Lea Reuveni was born in Iršava, Czechoslovakia in 1926, the eldest daughter of Elias and Halana, who raised a traditional family of nine. In 1929, her family moved to Antwerp, Belgium.
When the city came under aerial attack in May 1940, the family fled the city and Lea lost contact with her mother and two of her siblings. For eight months, Lea took care of her younger siblings and the household.
When she heard that her mother and missing siblings were in southern France, Lea went to the German command center and asked for a travel permit. The Germans authorized Lea and her siblings to travel to Paris, but forbade the father from leaving. Lacking any alternative, they bade their father goodbye and traveled alone by train, all the while fleeing from German soldiers and evading checkpoints.
German troops boarded the train at the station in Lyon. When they saw the restricted permit, they threatened to throw them off the train. Thanks to her courageous arguments, the Germans allowed them to continue on, and they found her mother in the southern city of Quarante. Their father joined them a few weeks later.
When Vichy police began taking away Jewish refugees in the city in the summer of 1942, Lea went to look for a new place for her family to live.

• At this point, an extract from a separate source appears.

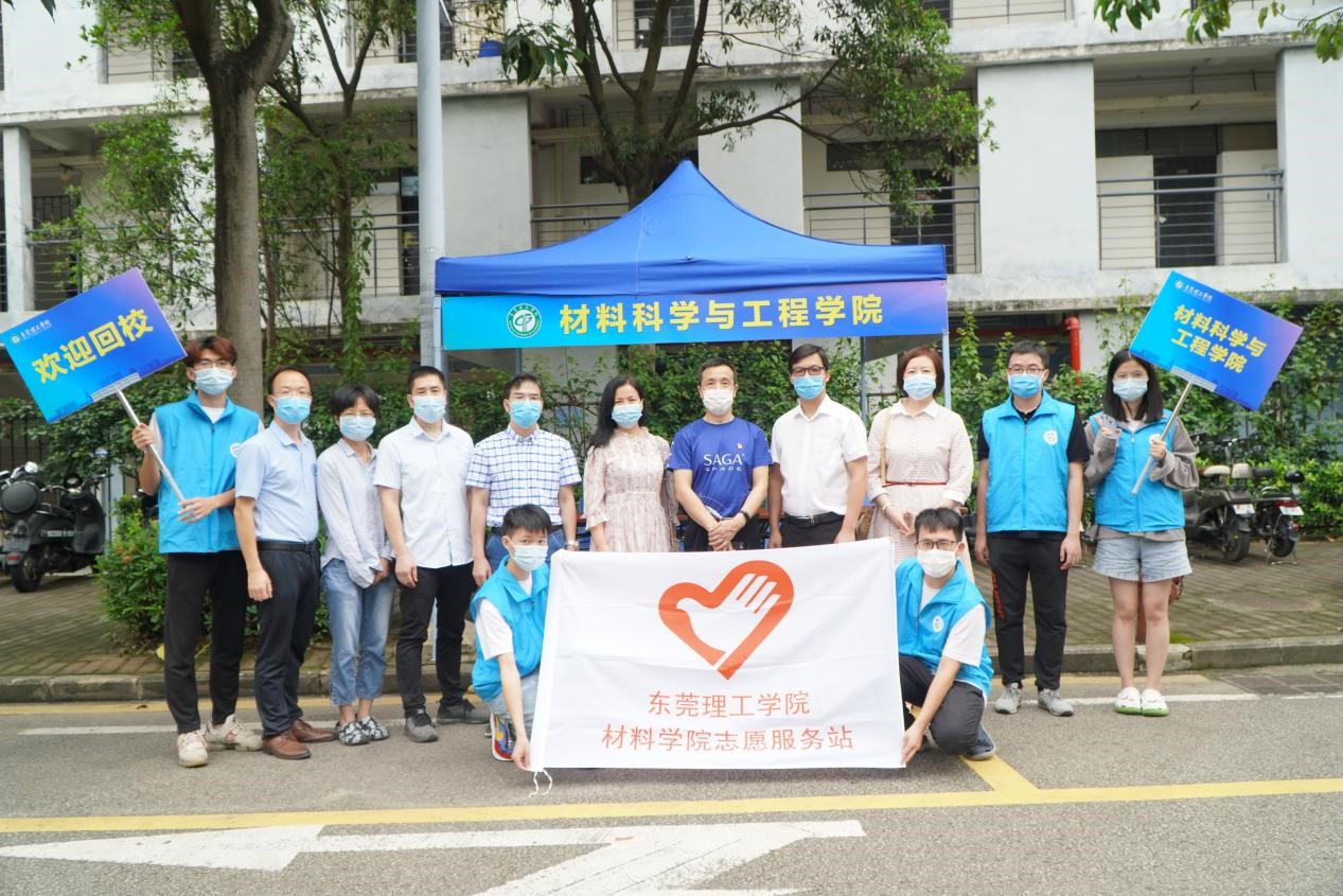 旭日初升,院领导君光、陈德良、李润霞、陈礼明、卢俊棋、文锦枢等就来到学生返校报到点,和部分教师及志愿者同学一起,迎接第二批材料学子返校。

She wandered on foot and by train, spending nights in train station waiting rooms until she came to the town of Chirac. There she met the mayor, who was willing to give them an abandoned house with no bathroom. Her youngest brother was born in Chirac.

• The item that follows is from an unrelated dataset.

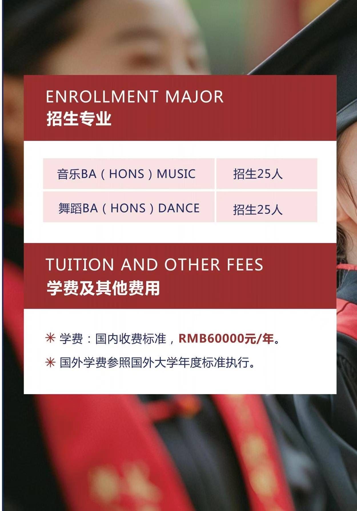 二、教学安排 课程设置:开设音乐、舞蹈两个专业方向课程,严格依据高等教育教学标准实施教学,确保课程质量与国际接轨。 学分互认:学生在哔咔漫画 所修课程成绩及学分,经外方院校审核通过后,可计入其在外方院校的学业体系,实现无缝衔接。 学位授予:项目主体为密德萨斯大学和罗汉普顿大学,哔咔漫画 仅作为项目前两年的专业课程及语言培训。学生完成四年学习并达到毕业要求后,将获得密德萨斯大学或罗汉普顿大学颁发的本科学位证书和毕业证书。 三、招生计划 招生规模:计划招收50人,其中音乐班(声乐、钢琴)25人,舞蹈班(民族舞、现代舞、芭蕾)25人。 标准:每生共计收费6万元人民币/年。

In November 1942, Germany occupied southern France except for the area occupied by the Italians, and Lea’s father was arrested. Lea went to the local command center and asked for him to be released for a day, explaining that her mother was recovering from childbirth. Impressed with her boldness, the French commander approved the request. Lea and her father fled to Nice, which was under Italian occupation. Afterwards, Lea managed to smuggle her mother and siblings into the city, too.

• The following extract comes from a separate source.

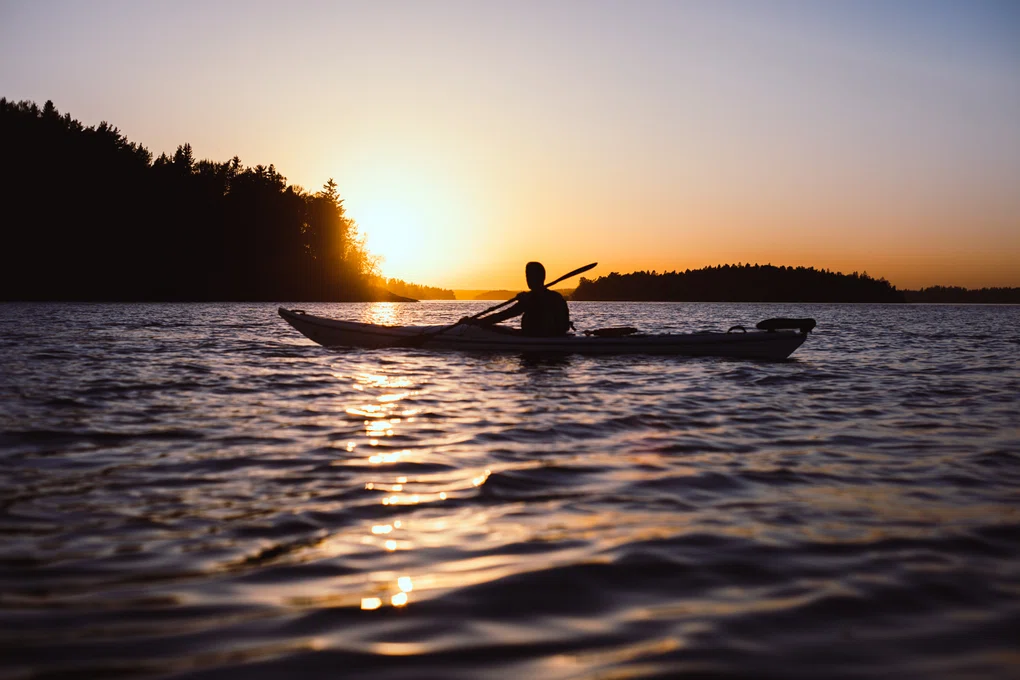 "alt": "Kanotpaddling i skärgården. Sommar, solnedgång. Siluetten av en person som paddlar kanot i skärgården. Himmelen har en vacker ljusorange färg, och den nedåtgående solen speglas på vattenytan.",

In 1943, the Germans occupied the area of Nice, and Lea and her family fled again, this time with a group of refugees. Lea backtracked several times along the tortuous mountainous paths in order to help the elderly and women with children. Lea and her family reached the town of Borgo San Dalmazzo, where she contacted Father Don Raimondo Viale. The priest, who was later recognized as Righteous Among the Nations, smuggled Lea’s family into the forest, where they reached a monastery in the area of Florence.
In November 1943, the Germans raided the monastery. Lea remembered that the Hungarians were allies of the Germans, and convinced them that she and her mother were Hungarian gentiles who had lost their papers. Lea managed to save 15 other Jewish women in a similar manner.
After Lea’s father was apprehended, Lea urged her mother to flee to Rome with the children. She stayed behind in the monastery in order to maintain contact with her father Elias, but he was deported to the camps and murdered.
After liberation, Lea reunited with her family in Rome. In 1960, she immigrated to Israel and worked as a hospital nurse. Lea volunteers in a retirement home and visits lonely Holocaust survivors. She has no children of her own. For her 80th birthday, all her extended family came to celebrate with her. One of them said:
“If it weren’t for your actions, none of these children would be here today. They are your children.”